Materials science is concerned with engineering and characterizing new materials for any sort of applications: from transportation to computing to medicine, to name a few. It’s method of inquiry is often guided by computational models; however, the bulk of the investigations are done experimentally.

The future will witness a gradual shift in which computational models will play a progressively larger role in identifying new materials for specific purposes. Eventually, we will transition to a second-generation method of inquiry, a.k.a “Lab 2.0”, a type of materials research and engineering that carries out most scientific investigations with computational models, employing experiments only for the last few steps before commercialization i.e., characterization, verification, and synthesis of a shortlist of materials candidates.

While researchers are still a ways away from fully realizing Lab 2.0, several advances are moving us towards it: 1) computer speed increases every year; 2) accurate computational methods are becoming ever-more sophisticated for complex systems, such as those based on quantum mechanics like Density Functional Theory (DFT)), and 3) there is a growing community of scientific software developers supporting scientific software innovation.
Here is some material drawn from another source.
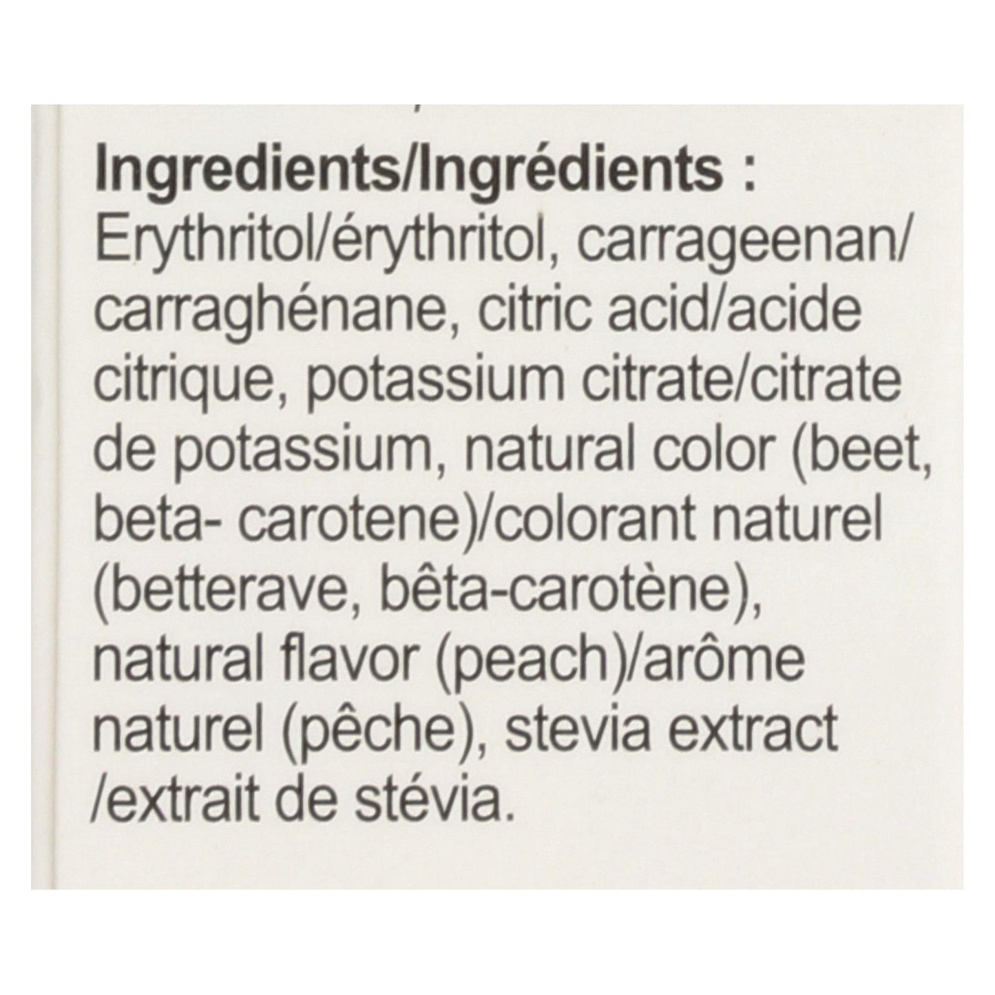 ingredients : erythritol;carrageenan;citric acid;potassium citrate;natural color;beta-carotene;natural flavor;peach;stevia extract

Among the available computational materials science tools based on quantum mechanics, Orbital-free DFT is emerging as both computationally cheap and accurate in modelling real-world scenarios. As shown by several recent studies, this technique is promising because it can model systems of realistic sizes, such as entire electronic devices. An impressive capability from a first-principles perspective in which the model has no specific knowledge of the system, and it is only based on the basic laws of physics, as well as quantum-mechanical and atomistic models!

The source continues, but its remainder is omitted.